Good post, clavichorder. It sounds to me like you have tapped into the secret of 'vertical listening' as I call it, where the narrative thread is abandoned in preference to a 'being in the moment' mode of perception, in which sounds and events are experienced just for what they are in the moment.


----------



## D Smith (Sep 13, 2014)

millionrainbows said:


> Good post, clavichorder. It sounds to me like you have tapped into the secret of 'vertical listening' as I call it, where the narrative thread is abandoned in preference to a 'being in the moment' mode of perception, in which sounds and events are experienced just for what they are in the moment.

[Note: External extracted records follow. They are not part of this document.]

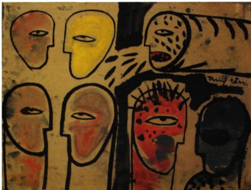
Truong Tan, Sans titre , 1993 gouache et encre de Chine sur papier de riz 55 x 75 cm

1 Pour pouvoir exposer, il est obligatoire d'être membre d'une ou des deux associations d'artistes du Viêt-nam. Ces deux associations sont: la Fine Arts Association of Ho Chi Minh City et la Vietnam Association of Plastic Arts.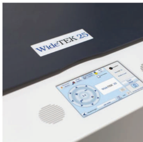
Большой сенсорный экран

Сканеру требуется менее трех секунд, чтобы сканировать документ размером 47x63,5 см в обычном режиме с разрешением 300 dpi и лишь 12 секунд в 3D-режиме с разрешением 600 dpi. Управляйте сканером из стандартного web-браузера, встроенного в сенсорный экран или посредством мобильного устройства на iOS либо Android с помощью нашего приложения Scan2Pad®.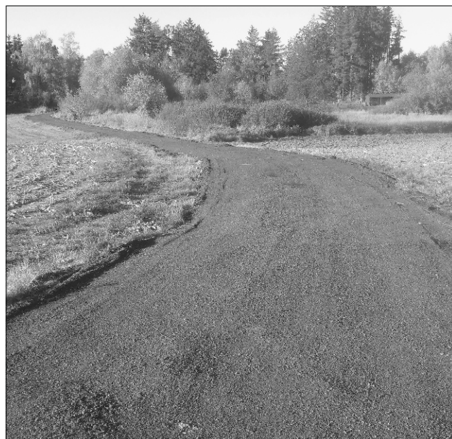
Obnova cesty k lomu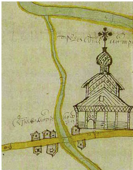
Церковь на плане земель Великолуцкого Троице-Сергиева монастыря 1699 г.

В середине XIX века И.М. Пульхеров отмечал уникальность этого храма благодаря небольшому ковчегу с 20 частицами от святых мощей: преподобного Сергия Радонежского, великомуч. Димитрия, Иакова Персианина, Феодосия Печерского, Ионы и Алексия, митрополитов Московских, преподобного Нила Столобенского, Герасима, Леонтия, папы Римского, муч. Иустины, великомуч. Аникиты, Михея ученика преподобного Сергия, Иллариона Иконийского, Мины, Мартирия, Иакова Боровичского, Киприана, Фомы, Потапия Римлянина. Также в нем хранились части древа Животворящего Креста Господня, камня и пелены Антония Римлянина. Эти святости появились в монастыре в 1715 году благодаря митрополиту Новгородскому и Великолуцкому Иову. В начале XIX века их собирались перенести из монастыря в Троицкий собор на центральной площади Великих Лук, но благодаря игумenu Иосифу они остались на месте «... для отвращения в верующих соблазна или, чего Боже храни, и самого возмущения». Также с этого времени в монастыре устанавливается традиция крестного хода на 5 (18) июля — день обретения мощей преподобного Сергия Радонежского.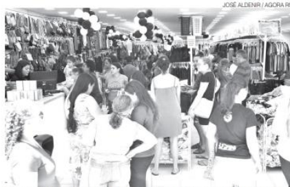
Setores de comércio e serviços vão 'segurar a onda' na economia do RN

As estimativas setoriais reforçam o cenário de instabilidade. Enquanto o Produto Interno Bru-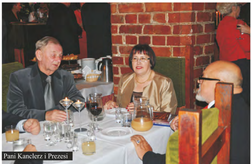
Pani Kanclerz i Prezesi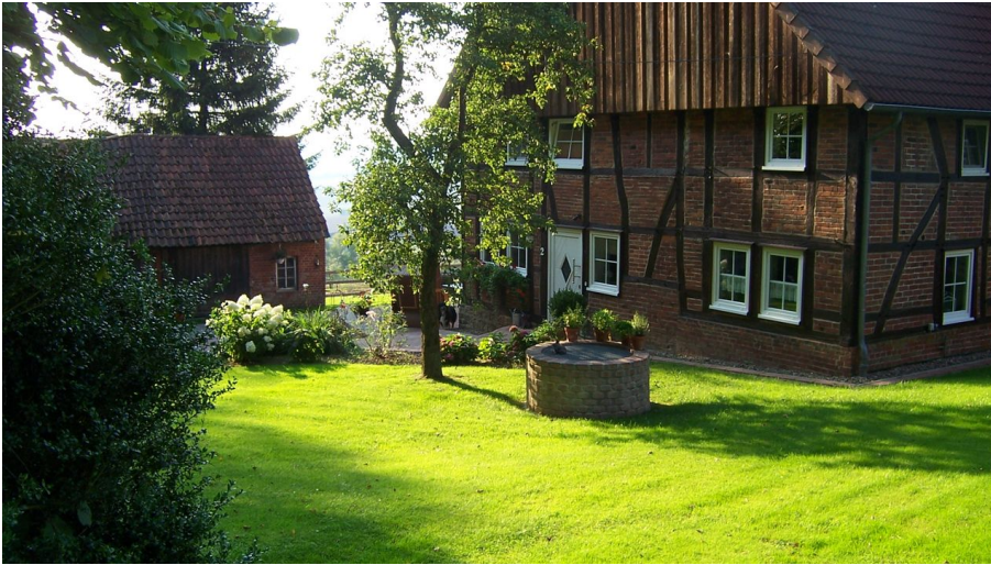
Eselhof Teut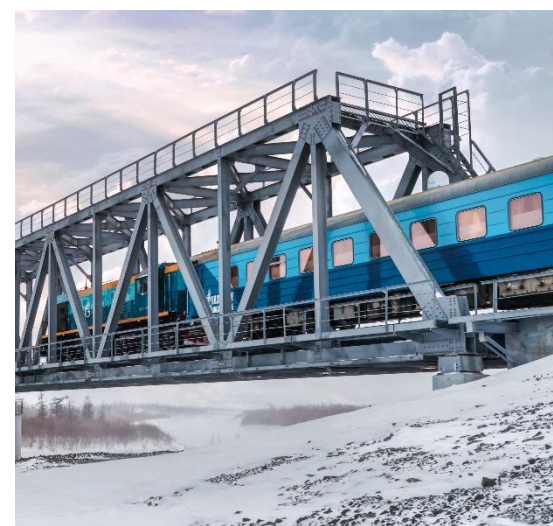
СТРОИТЕЛЬСТВО, РЕМОНТ И РЕКОНСТРУКЦИЯ АВТОМОБИЛЬНЫХ ДОРОГ, МОСТОВ, АЭРОДРОМОВ, БЛАГОУСТРОЙСТВО ТЕРРИТОРИЙ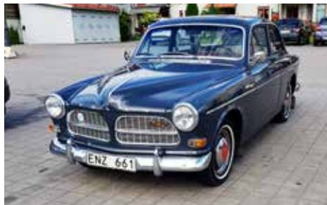
Volvo Amazon 1964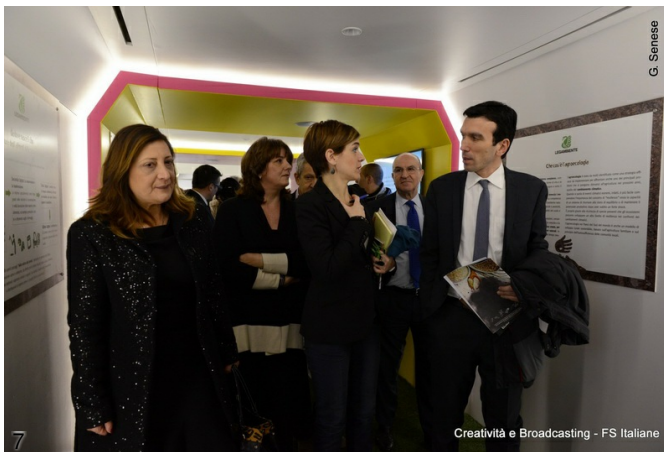
7. La visita al Treno Verde durante la presentazione.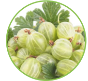
Groseille à maquereau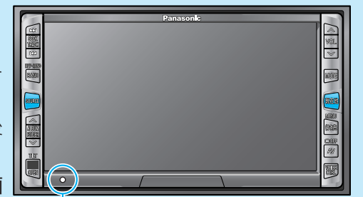
ハードリセットスイッチ 折れにくい棒状の物で、まっすぐに押してください。

This describes perfectly the few times I've been able to get any sort of appreciation for Webern at all, just being there and not having any preconceptions of where the music should be going next. Thanks for your insights Mahlerian, Clavichorder and Millionrainbows!


----------



## millionrainbows (Jun 23, 2012)

Is "chunking" in modern music listening anything like "blowing chunks?" I just had to say it. :lol:


----------



## ArtMusic (Jan 5, 2013)

clavichorder said:


> This might explain Webern was among the hardest early modernist composer for me to relate to. The form seems less familiar, and the language is less familiar(than most music before or after)
> 
> I had previously been listening to music with these "form and harmony molds"(in my mental expectations) that were less flexible in my aural imagination. The only solution I could think of, when I finally was thinking that there may be something worth experiencing with Webern, was to try to shut that off. I combined what I knew about meditative states and being very present, with the sense I had that when I was young my ears were sometimes a bit more "open." Probably the "groundwork" repetitive on and off listening to his Symphony op 21 along with a somewhat better appreciation of the earlier works helped more than I can factor in, but it had been maybe a year or more since I struggled through even a movement of that symphony. So, I tried to be 'as present' as I could be so the sounds themselves didn't drift by me unnoticed, and fortunately Webern is pretty sparse. I started experimenting with new patterns and contexts, and my listening went deeper to the point of some synesthesia. I went back and listened to carefully chosen music I was more familiar with, and it was even richer because I had unlocked some keener perception not as heavily based on built up experience, or perhaps more deeply so, it's hard to say which. The Webern experience and maybe the music itself, had provided a fresh sense, or maybe cleaned up a dirty one.
> 
> ...


Good observation. This explains why to me in the context of the original post above, I find it easier to remember the Mozart concerto than the Mahler symphony after initial listens. (These initial listens were of different points in time).


----------



## Huilunsoittaja (Apr 6, 2010)

And then maybe this can be used for solidly _tonal _works too that have no harmonic obscurities but is simply new melodies, hm? A "vertical" appreciation?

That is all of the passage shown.